Mr Macron’s decision to attend the Velodrome Mass has provoked predictable controversy in France.
The far-left France Unbowed leader Jean-Luc Melenchon, never slow to rise to indignation, according to the commentator Denis Carreaux, accuses the President of gatecrashing the visit in flagrant defiance of France’s secular status, established by its 1905 law separating church and state.
Communists share Mr Melenchon’s view but Mr Macron, by no means the first French president to attend a religious service, brushes the polemic aside. "I think it's my place to be there,” he said.
“I won't be there as a Catholic, I'll be there as President of the republic, which is indeed secular. I will not carry out any religious practice during the Mass."
There are, inevitably, people in Marseille who resent the cost, fuss and inconvenience of a papal visit.
"It's going to be unmanageable, the equivalent of three Marseille v Paris Saint-Germain football games all over the Prado,” one disgruntled resident told French media.
For the Catholic church, however, it is an uplifting, socially inclusive occasion.

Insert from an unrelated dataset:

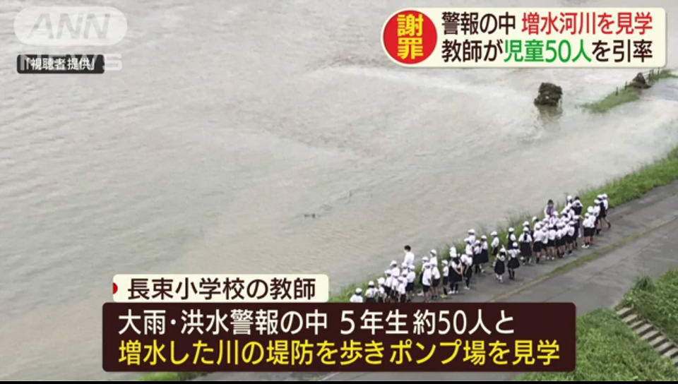 警報の最中に…教師が児童50人連れ増水河川を見学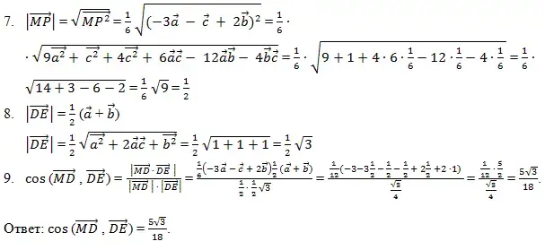 Итак, в данной статье мы рассмотрели применение векторной алгебры для решения стереометрических задач повышенной сложности.

"When the Pope celebrates Mass at the Velodrome, a place that brings together Marseille in all its diversity, it will be as if he were visiting every Marseillais,” Cardinal Jean-Marc Aveline, Archbishop of Marseille, told the official Vatican news service.
“He comes to Marseille to draw our attention to the Mediterranean, the challenges it has to face.”
For the Marseille tourist office, the visit is a “fantastic opportunity” for a city that personifies the spirit of vivre ensemble (different cultures in harmony).
To the archbishop, it is another step in a pilgrimage that began in Lampedusa and has taken Pope Francis to 43 countries, including South Sudan, the Democratic Republic of the Congo and Palestine.
It has been a punishing schedule for a man now 86.
In 2019, he visited Abu Dhabi where he jointly signed, with the Egyptian Grand Iman of Al Azhar, Dr Ahmed Al Tayeb, the Document on Human Fraternity for World Peace and Living Together.
There are political as well as religious dimensions to Pope Francis’s trip to a beautiful and vibrant city that is currently ill at ease with itself, a gesture Cardinal Aveline sees as a reminder that, faced with the drama and human misery of the Mediterranean, France “cannot just look away”.